• AIM OF THE EXERCISE: Your answer must be a word-for-word copy of the listing, with all pictures excluded.

• DATASET SECTION:
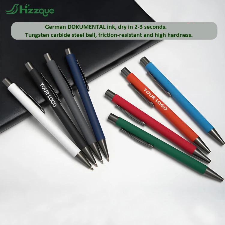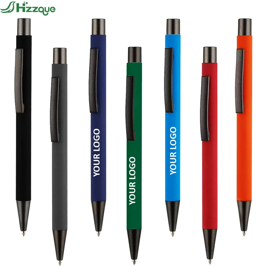 Custom Logo Laser Engraved Full Color UV Printed Ballpoint Pens Soft Rubber Coating 1.0mm Writing Width Metal Clip Black Ink
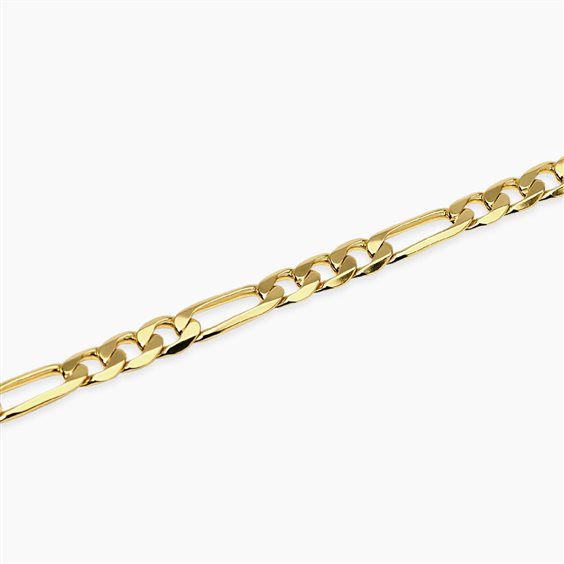 Bracciale regolabile con catena figaro in argento placcato oro 18K. • Dimensione catena: 5 mm • Misura regolabile, lunghezza da 19 a 20,5 cm • Materiale: Argento 925 • Finitura: Placcatura oro 18k
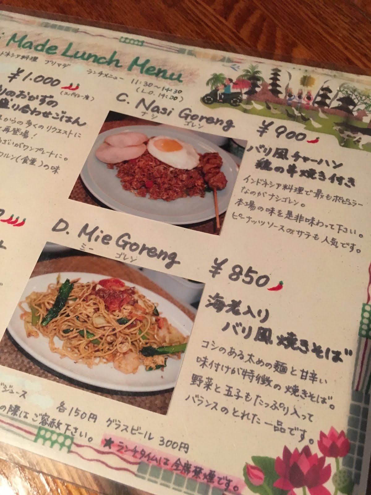 インドネシア料理は、この店に来るまで食べたことがなかった。インドネシアのチャーハンであるナシゴレンや、インドネシアの焼きそばであるミーゴレンが有名で、このお店のもランチとして両方を含めた4種類が提供されている。辛いのはそこまで得意ではないので、ミーゴレンとナシゴレンを往復しそうな予感がしている。
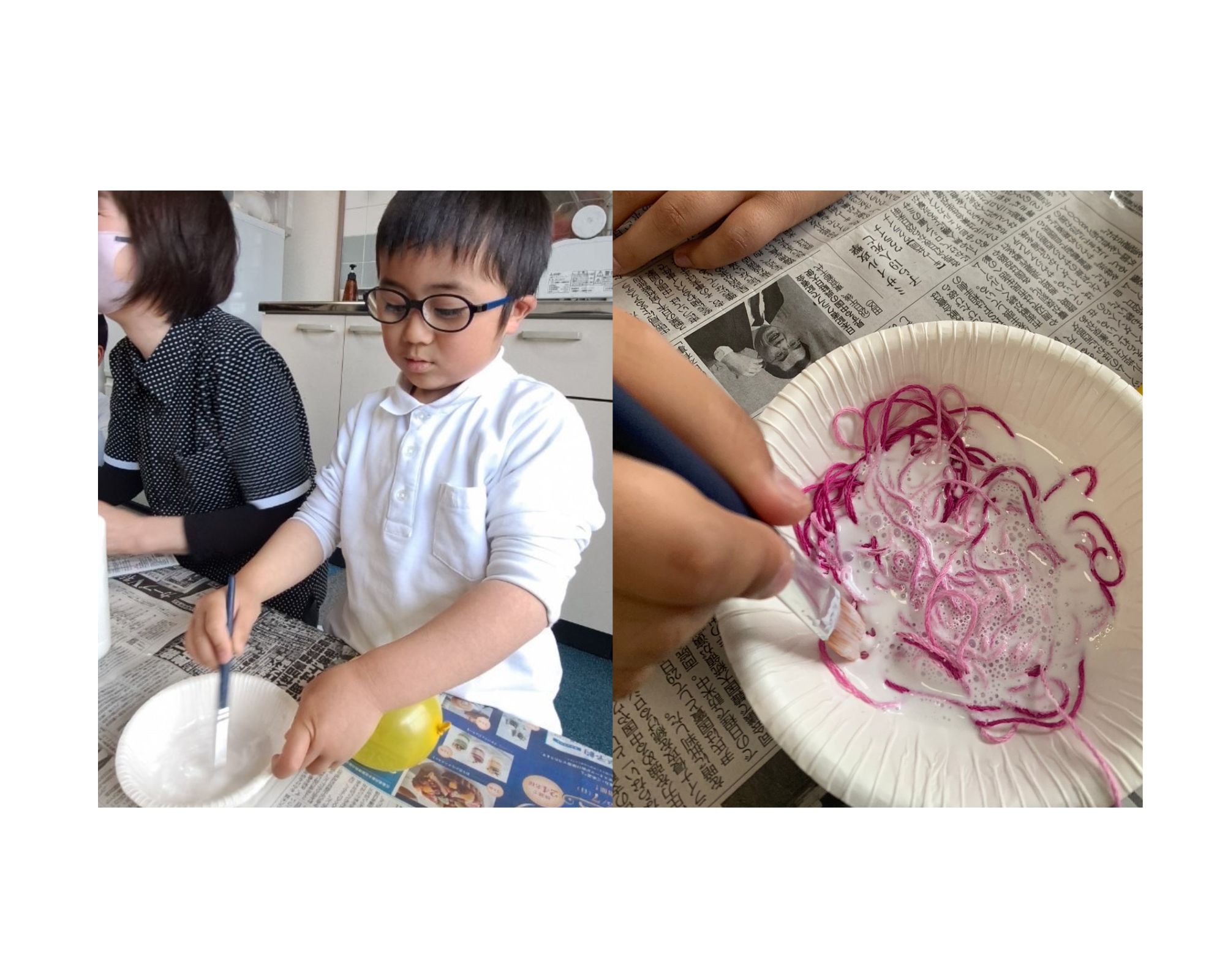 ③ボンドの中に、ししゅう糸を入れて浸す。(毛糸でも可)

• ANSWER SECTION:
 Custom Logo Laser Engraved Full Color UV Printed Ballpoint Pens Soft Rubber Coating 1.0mm Writing Width Metal Clip Black Ink
 Bracciale regolabile con catena figaro in argento placcato oro 18K. • Dimensione catena: 5 mm • Misura regolabile, lunghezza da 19 a 20,5 cm • Materiale: Argento 925 • Finitura: Placcatura oro 18k
 インドネシア料理は、この店に来るまで食べたことがなかった。インドネシアのチャーハンであるナシゴレンや、インドネシアの焼きそばであるミーゴレンが有名で、このお店のもランチとして両方を含めた4種類が提供されている。辛いのはそこまで得意ではないので、ミーゴレンとナシゴレンを往復しそうな予感がしている。
 ③ボンドの中に、ししゅう糸を入れて浸す。(毛糸でも可)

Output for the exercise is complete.